We sincerely thank all ACs and reviewers for your recognition and valuable suggestions, especially for ACs acknowledged “All reviewers recognize the merits of the proposed method” such as the sound idea (“idea is interesting -R1”, “idea is clearly introduced -R2”, “motivation is clear -R3”); novel method (“propose a novel EI-DDPM -R2”, “the paper is of certain novelty -R3”); good organization (“the paper is well-organized -R2”, “the paper is easy to follow -R3”); and promising experiment (“ablation studies validate two major components -R1”, “experimental results are promising -R2”).

Q1: Model complexities between different methods (R3) A1: The complexity of our EI-DDPM is superior to TransU-Net and similar to U-Net and SegDDPM. The Params and FLOPs are used to evaluate the model complexities. The values of Params(M)/FLOPs(G) for proposed EI-DDPM and compared methods are as follows: EI-DDPM (32.3/17.9), U-Net (31.1/16.6), nnUNet (19.07/17.01), TransU-Net (96.1/48.3), and SegDDPM (33.8/18.4).

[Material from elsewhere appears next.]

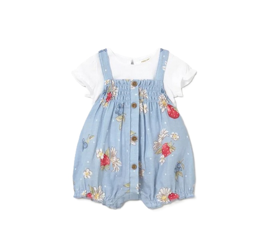 completo composto da t-shirt a manica corta tinta unita, salopette a fantasia fragole/margherite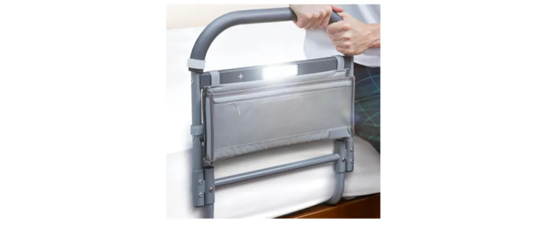 在权利要求1的基础上进一步保护了一种功能更多、结构层次更丰富的床栏形态。

Q2: The training and sampling time of the proposed method (R2) A2: Training time: BraTs2021 (~15 days) and liver MRI (~6 days). The sampling time (~13 seconds per image). Although it is relatively slow at training and inference due to the inherent nature of the diffusion process. Compared to other DDPM-based segmentation methods like SegDDPM (step T = 1000), our EI-DDPM (step T = 300) achieves better performance with fewer steps, which achieves 3 times faster. And the sampling time of EI-DDPM has been discussed in the conclusion.

Q3: Recommended evaluation metrics HD95 (R3) A3: The quantitative results of recommended HD95 (mm) indicated our EI-DDPM outperforms the other compared methods. On BraTS2021, the quantitative results of average HD95 (mm) for U-Net, TransU-Net, SegDDPM, and our EI-DDPM are 8.85, 7.83, 7.41, and 5.87, respectively. And on liver MRI, the quantitative results of average HD95 (mm) for U-Net, TransU-Net, SegDDPM, and our EI-DDPM are 5.42, 4.96, 3.88, and 2.70, respectively.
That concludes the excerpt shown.